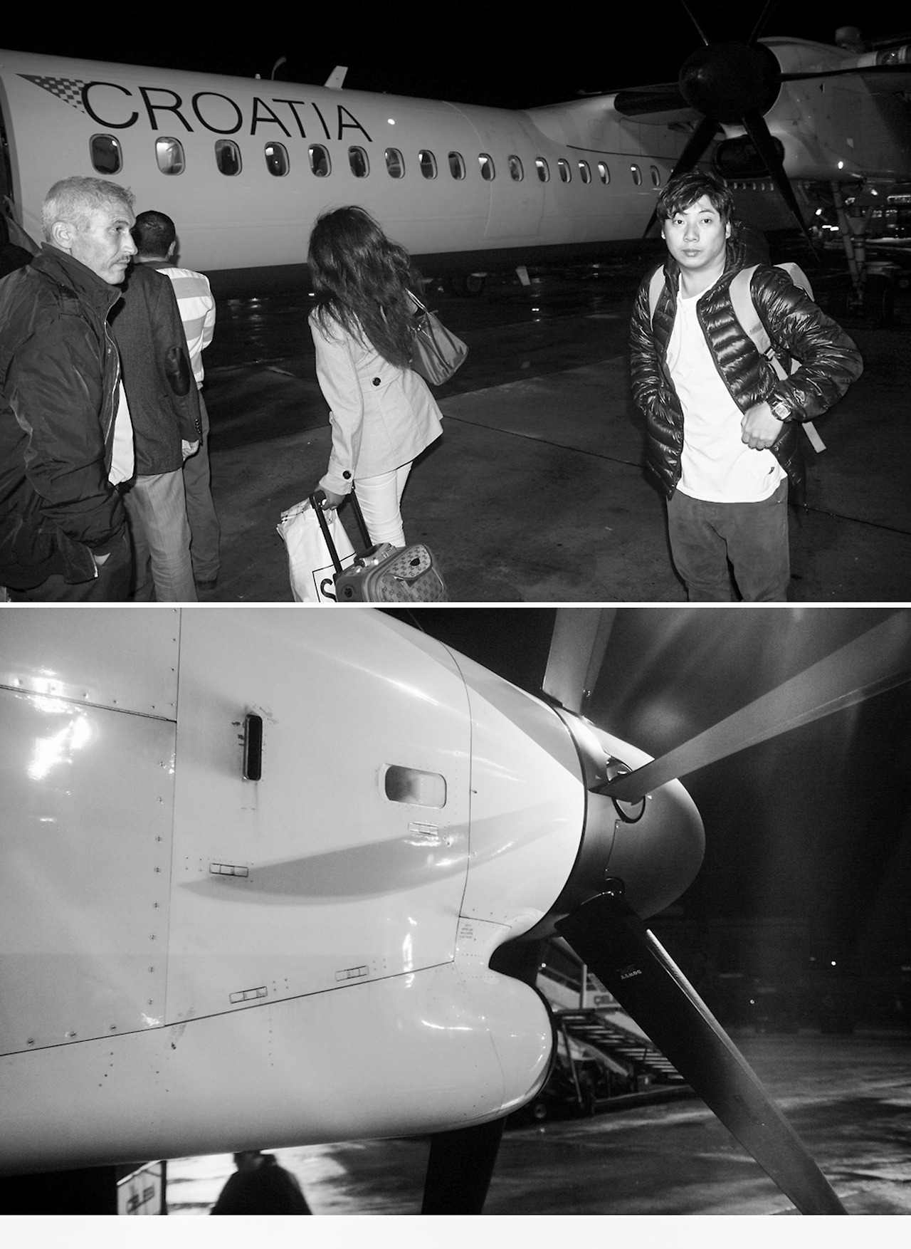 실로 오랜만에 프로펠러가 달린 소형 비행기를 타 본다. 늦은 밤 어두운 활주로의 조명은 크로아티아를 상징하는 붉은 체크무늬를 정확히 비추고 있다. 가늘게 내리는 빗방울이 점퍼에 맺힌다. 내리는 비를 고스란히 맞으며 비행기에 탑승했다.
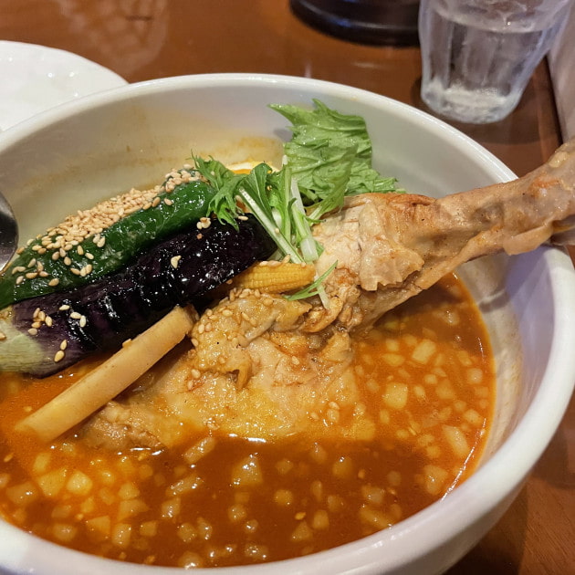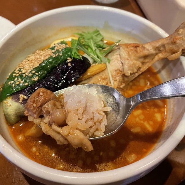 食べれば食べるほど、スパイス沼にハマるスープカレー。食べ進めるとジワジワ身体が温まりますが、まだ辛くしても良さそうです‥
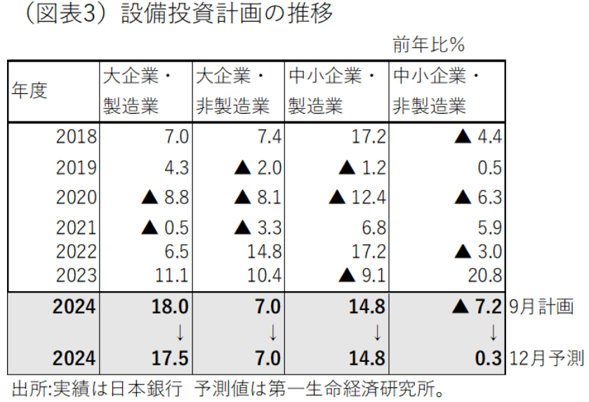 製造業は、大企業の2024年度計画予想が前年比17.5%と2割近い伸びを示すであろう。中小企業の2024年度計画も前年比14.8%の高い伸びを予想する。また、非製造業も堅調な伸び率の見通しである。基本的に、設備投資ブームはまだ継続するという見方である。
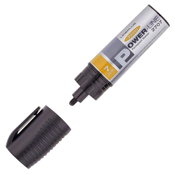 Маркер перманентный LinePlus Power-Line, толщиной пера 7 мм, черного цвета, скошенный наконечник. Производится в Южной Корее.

TASK PROMPT: The whole listing is to be retyped exactly, with its pictures removed.

ANSWER TO THE EXERCISE:
 실로 오랜만에 프로펠러가 달린 소형 비행기를 타 본다. 늦은 밤 어두운 활주로의 조명은 크로아티아를 상징하는 붉은 체크무늬를 정확히 비추고 있다. 가늘게 내리는 빗방울이 점퍼에 맺힌다. 내리는 비를 고스란히 맞으며 비행기에 탑승했다.
 食べれば食べるほど、スパイス沼にハマるスープカレー。食べ進めるとジワジワ身体が温まりますが、まだ辛くしても良さそうです‥
 製造業は、大企業の2024年度計画予想が前年比17.5%と2割近い伸びを示すであろう。中小企業の2024年度計画も前年比14.8%の高い伸びを予想する。また、非製造業も堅調な伸び率の見通しである。基本的に、設備投資ブームはまだ継続するという見方である。
 Маркер перманентный LinePlus Power-Line, толщиной пера 7 мм, черного цвета, скошенный наконечник. Производится в Южной Корее.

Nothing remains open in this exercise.